_Exercise details_
When you copy the material below, keep every line exact and leave each picture out.

_Information provided_
.....
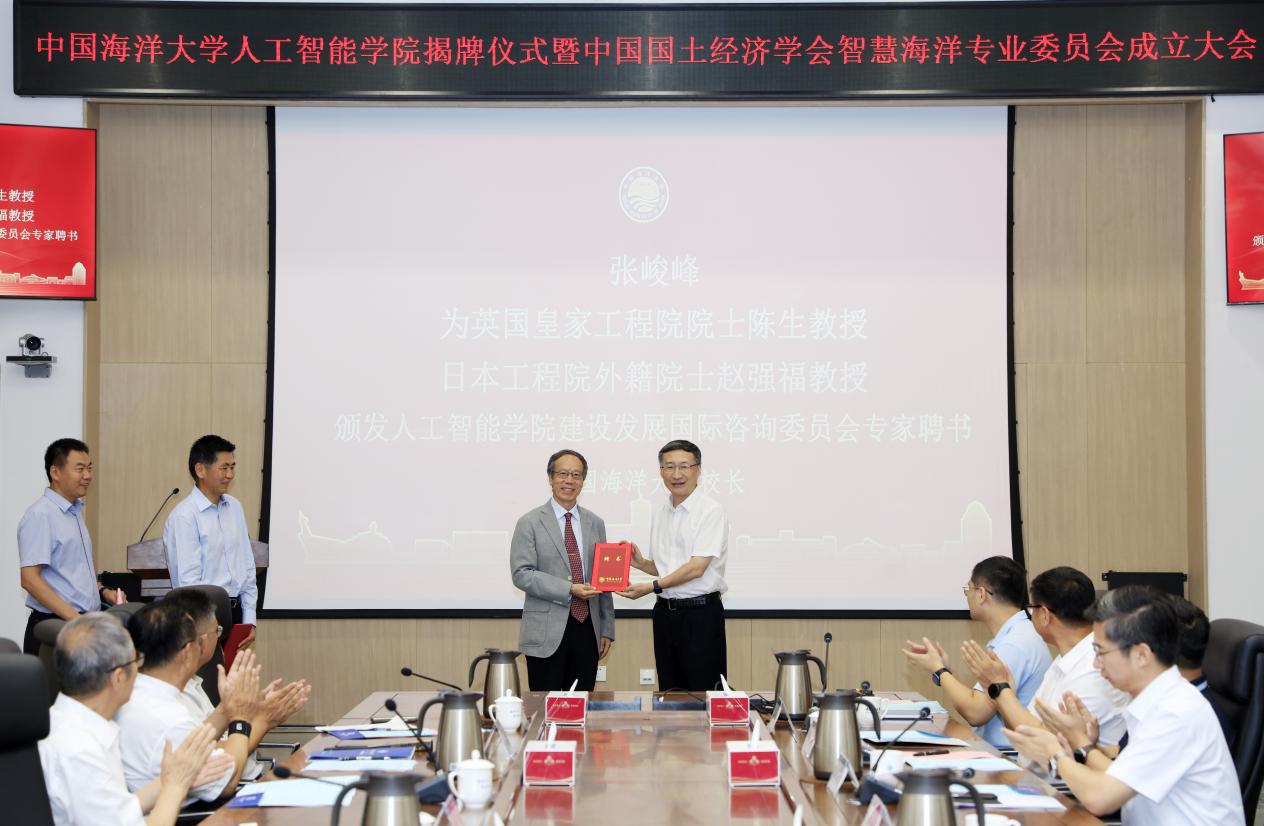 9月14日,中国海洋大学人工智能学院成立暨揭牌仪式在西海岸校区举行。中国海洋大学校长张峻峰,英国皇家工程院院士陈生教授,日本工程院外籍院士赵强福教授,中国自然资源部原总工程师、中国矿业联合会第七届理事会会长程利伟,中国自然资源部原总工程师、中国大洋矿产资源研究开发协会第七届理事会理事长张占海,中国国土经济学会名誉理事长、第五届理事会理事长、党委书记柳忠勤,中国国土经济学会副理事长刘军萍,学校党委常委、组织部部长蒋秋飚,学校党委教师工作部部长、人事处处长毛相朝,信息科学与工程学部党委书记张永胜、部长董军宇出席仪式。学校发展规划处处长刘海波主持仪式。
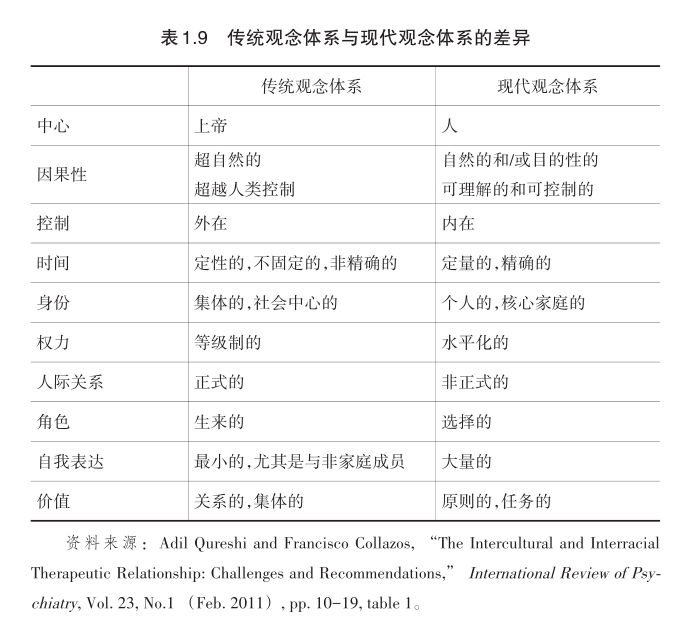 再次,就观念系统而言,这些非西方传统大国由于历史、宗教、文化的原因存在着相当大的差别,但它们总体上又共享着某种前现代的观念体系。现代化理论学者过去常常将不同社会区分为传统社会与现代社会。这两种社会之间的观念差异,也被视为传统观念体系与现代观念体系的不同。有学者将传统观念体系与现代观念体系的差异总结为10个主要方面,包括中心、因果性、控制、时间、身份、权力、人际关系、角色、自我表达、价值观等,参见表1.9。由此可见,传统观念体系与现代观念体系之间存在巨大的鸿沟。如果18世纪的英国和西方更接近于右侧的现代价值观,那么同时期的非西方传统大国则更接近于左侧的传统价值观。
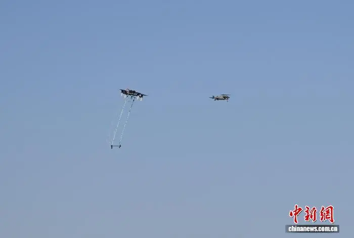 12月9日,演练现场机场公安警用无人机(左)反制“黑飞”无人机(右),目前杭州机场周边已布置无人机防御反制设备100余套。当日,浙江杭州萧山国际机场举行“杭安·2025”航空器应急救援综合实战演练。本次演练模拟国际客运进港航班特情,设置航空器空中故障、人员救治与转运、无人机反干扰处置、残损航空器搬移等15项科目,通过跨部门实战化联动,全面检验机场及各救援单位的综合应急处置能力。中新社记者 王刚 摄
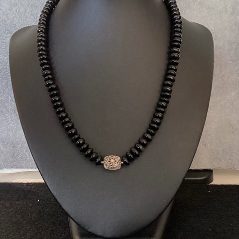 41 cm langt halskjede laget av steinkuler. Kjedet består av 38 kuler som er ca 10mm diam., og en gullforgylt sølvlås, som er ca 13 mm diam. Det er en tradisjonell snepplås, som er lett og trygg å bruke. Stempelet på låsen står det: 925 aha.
.....
_Written response_
 9月14日,中国海洋大学人工智能学院成立暨揭牌仪式在西海岸校区举行。中国海洋大学校长张峻峰,英国皇家工程院院士陈生教授,日本工程院外籍院士赵强福教授,中国自然资源部原总工程师、中国矿业联合会第七届理事会会长程利伟,中国自然资源部原总工程师、中国大洋矿产资源研究开发协会第七届理事会理事长张占海,中国国土经济学会名誉理事长、第五届理事会理事长、党委书记柳忠勤,中国国土经济学会副理事长刘军萍,学校党委常委、组织部部长蒋秋飚,学校党委教师工作部部长、人事处处长毛相朝,信息科学与工程学部党委书记张永胜、部长董军宇出席仪式。学校发展规划处处长刘海波主持仪式。
 再次,就观念系统而言,这些非西方传统大国由于历史、宗教、文化的原因存在着相当大的差别,但它们总体上又共享着某种前现代的观念体系。现代化理论学者过去常常将不同社会区分为传统社会与现代社会。这两种社会之间的观念差异,也被视为传统观念体系与现代观念体系的不同。有学者将传统观念体系与现代观念体系的差异总结为10个主要方面,包括中心、因果性、控制、时间、身份、权力、人际关系、角色、自我表达、价值观等,参见表1.9。由此可见,传统观念体系与现代观念体系之间存在巨大的鸿沟。如果18世纪的英国和西方更接近于右侧的现代价值观,那么同时期的非西方传统大国则更接近于左侧的传统价值观。
 12月9日,演练现场机场公安警用无人机(左)反制“黑飞”无人机(右),目前杭州机场周边已布置无人机防御反制设备100余套。当日,浙江杭州萧山国际机场举行“杭安·2025”航空器应急救援综合实战演练。本次演练模拟国际客运进港航班特情,设置航空器空中故障、人员救治与转运、无人机反干扰处置、残损航空器搬移等15项科目,通过跨部门实战化联动,全面检验机场及各救援单位的综合应急处置能力。中新社记者 王刚 摄
 41 cm langt halskjede laget av steinkuler. Kjedet består av 38 kuler som er ca 10mm diam., og en gullforgylt sølvlås, som er ca 13 mm diam. Det er en tradisjonell snepplås, som er lett og trygg å bruke. Stempelet på låsen står det: 925 aha.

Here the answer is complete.